GIVEN INFORMATION:
══════════

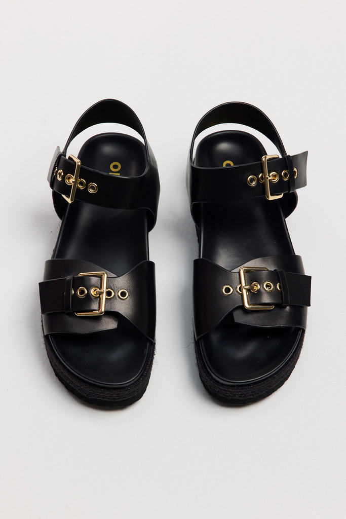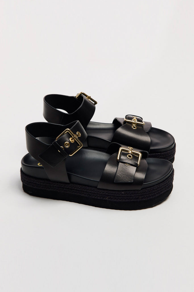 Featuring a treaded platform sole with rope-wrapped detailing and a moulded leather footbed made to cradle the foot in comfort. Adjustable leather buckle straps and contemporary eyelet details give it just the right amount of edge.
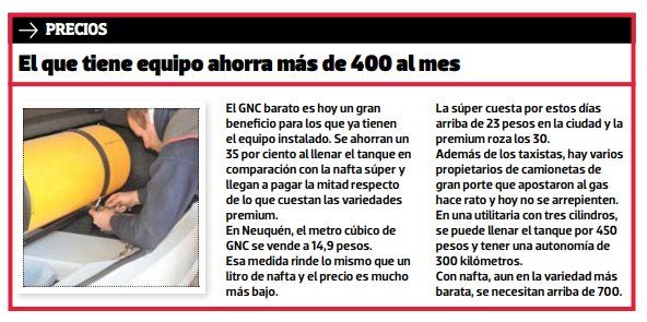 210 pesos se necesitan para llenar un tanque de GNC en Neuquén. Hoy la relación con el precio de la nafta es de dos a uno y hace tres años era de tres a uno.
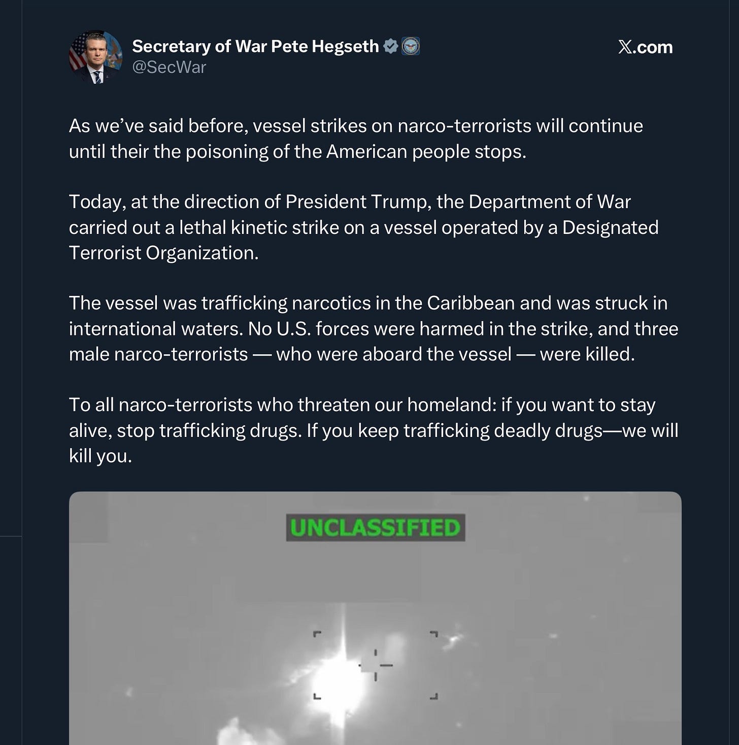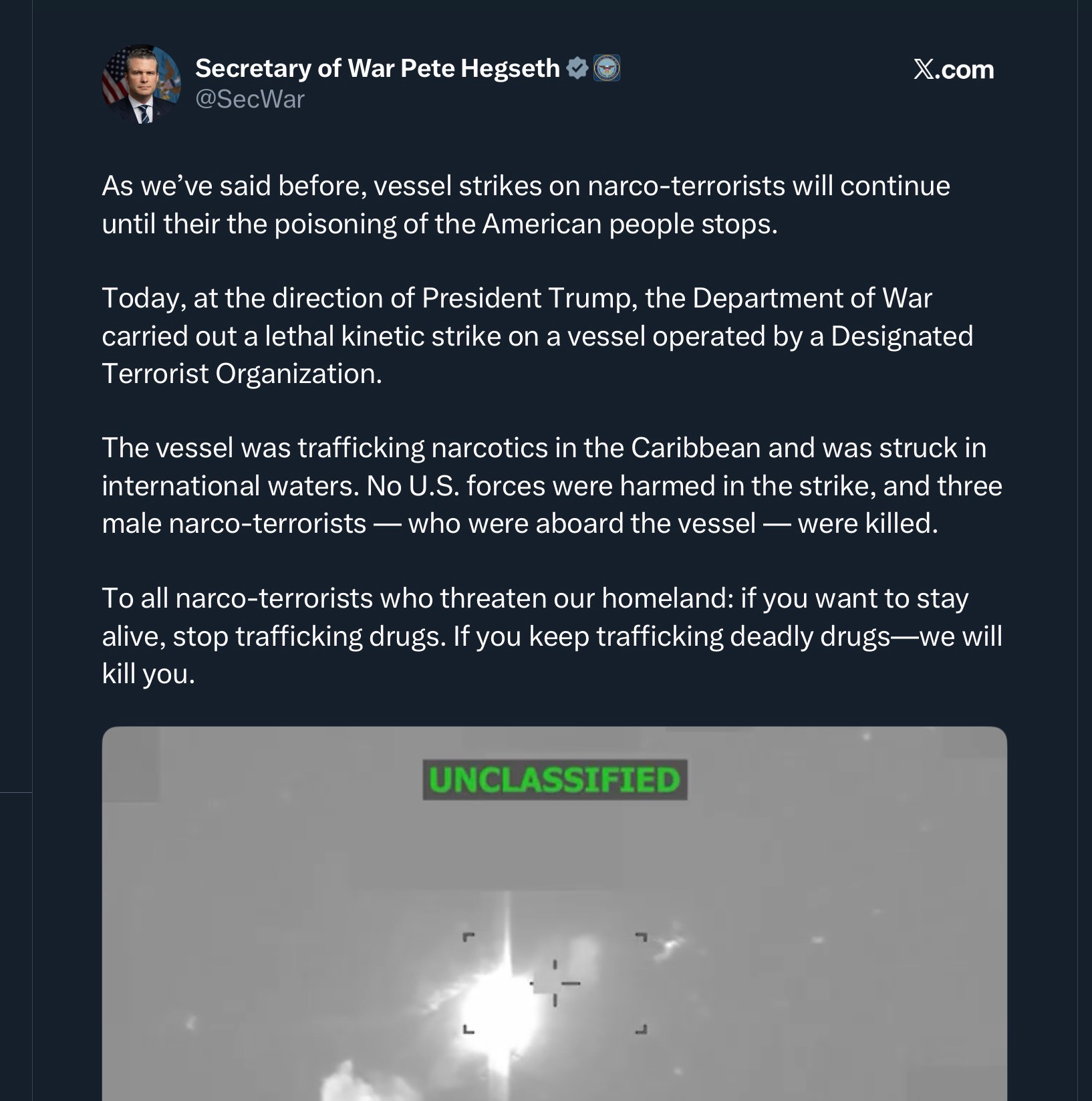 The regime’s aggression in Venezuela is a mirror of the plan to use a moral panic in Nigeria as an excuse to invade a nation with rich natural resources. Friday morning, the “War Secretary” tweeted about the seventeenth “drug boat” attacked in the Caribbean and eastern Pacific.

══════════

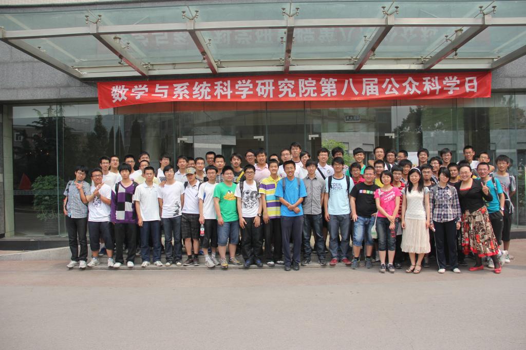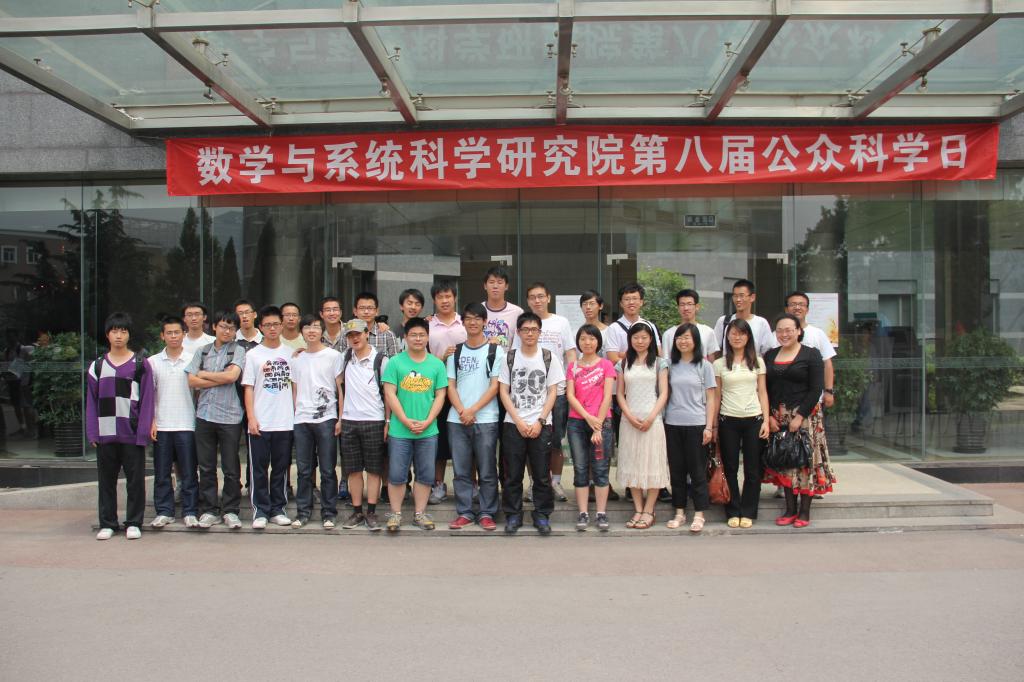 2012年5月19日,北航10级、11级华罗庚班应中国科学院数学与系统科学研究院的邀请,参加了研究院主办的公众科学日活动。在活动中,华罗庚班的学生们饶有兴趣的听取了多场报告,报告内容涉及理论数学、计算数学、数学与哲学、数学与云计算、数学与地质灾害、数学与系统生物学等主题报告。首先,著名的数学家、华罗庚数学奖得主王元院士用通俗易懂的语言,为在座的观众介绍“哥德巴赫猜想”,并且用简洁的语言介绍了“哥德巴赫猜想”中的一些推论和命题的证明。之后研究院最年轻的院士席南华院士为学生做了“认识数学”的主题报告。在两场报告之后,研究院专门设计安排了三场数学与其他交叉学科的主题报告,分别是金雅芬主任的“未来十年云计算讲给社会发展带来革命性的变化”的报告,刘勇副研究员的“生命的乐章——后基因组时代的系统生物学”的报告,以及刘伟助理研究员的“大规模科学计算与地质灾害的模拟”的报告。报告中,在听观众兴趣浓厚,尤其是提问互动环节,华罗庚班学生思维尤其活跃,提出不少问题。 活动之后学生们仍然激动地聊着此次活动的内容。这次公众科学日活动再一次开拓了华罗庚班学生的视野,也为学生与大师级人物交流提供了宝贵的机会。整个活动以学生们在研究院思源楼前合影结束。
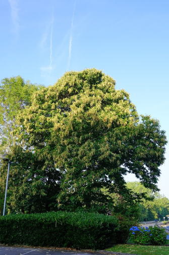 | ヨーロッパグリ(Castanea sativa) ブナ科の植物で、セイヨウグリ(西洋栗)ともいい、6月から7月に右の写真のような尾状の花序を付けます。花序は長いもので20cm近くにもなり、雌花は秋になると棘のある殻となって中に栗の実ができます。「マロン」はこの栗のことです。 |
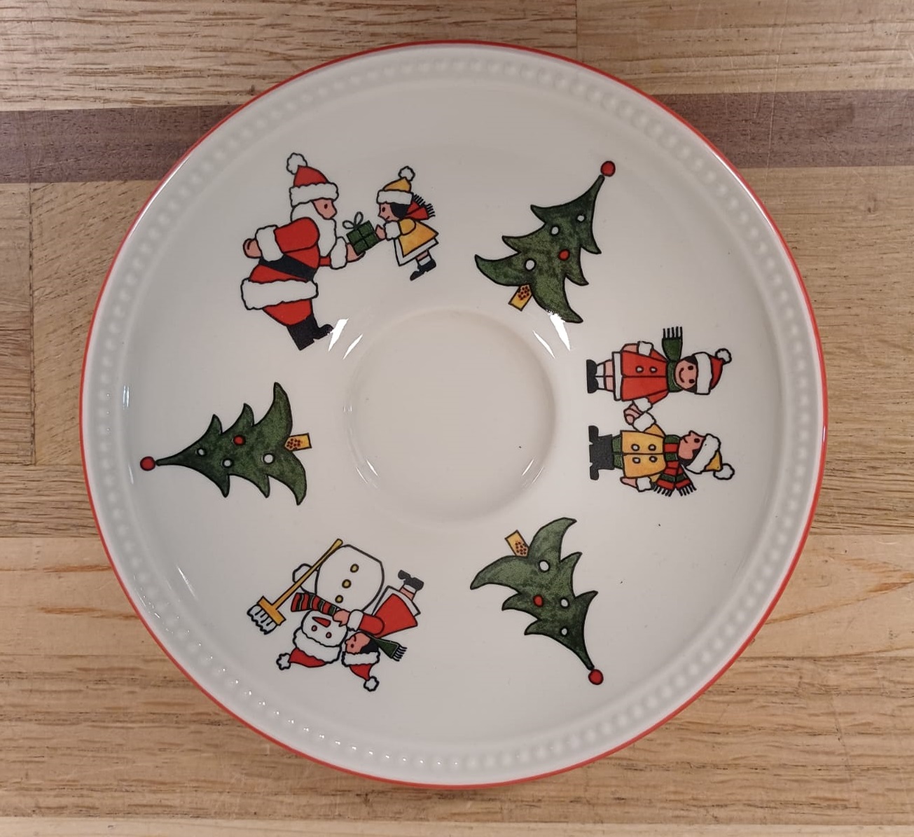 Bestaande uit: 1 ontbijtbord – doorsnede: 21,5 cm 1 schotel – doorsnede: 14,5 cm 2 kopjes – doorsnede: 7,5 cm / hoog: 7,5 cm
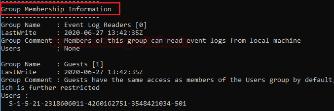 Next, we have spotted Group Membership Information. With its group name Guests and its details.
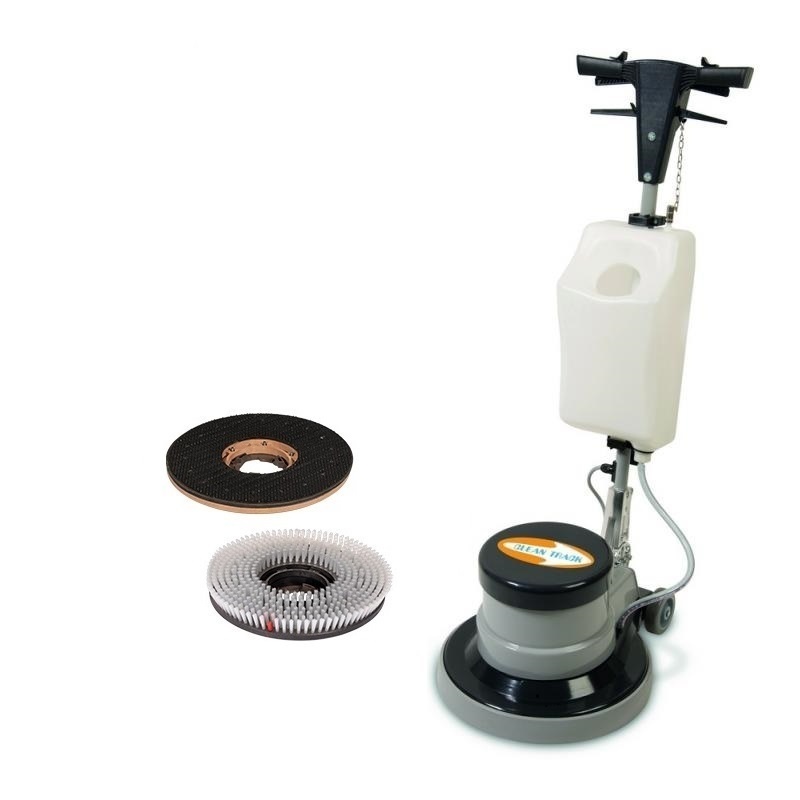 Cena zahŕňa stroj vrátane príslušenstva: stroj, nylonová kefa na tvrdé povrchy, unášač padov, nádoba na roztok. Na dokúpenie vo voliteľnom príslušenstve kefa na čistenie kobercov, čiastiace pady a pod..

══════════

WHAT THIS TASK INVOLVES:
Beginning at the line above that contains "Featuring a treaded", repeat each line exactly through the one that contains "The regime’s aggression", and leave out the pictures.

RESULT OF THIS EXERCISE:
 Featuring a treaded platform sole with rope-wrapped detailing and a moulded leather footbed made to cradle the foot in comfort. Adjustable leather buckle straps and contemporary eyelet details give it just the right amount of edge.
 210 pesos se necesitan para llenar un tanque de GNC en Neuquén. Hoy la relación con el precio de la nafta es de dos a uno y hace tres años era de tres a uno.
 The regime’s aggression in Venezuela is a mirror of the plan to use a moral panic in Nigeria as an excuse to invade a nation with rich natural resources. Friday morning, the “War Secretary” tweeted about the seventeenth “drug boat” attacked in the Caribbean and eastern Pacific.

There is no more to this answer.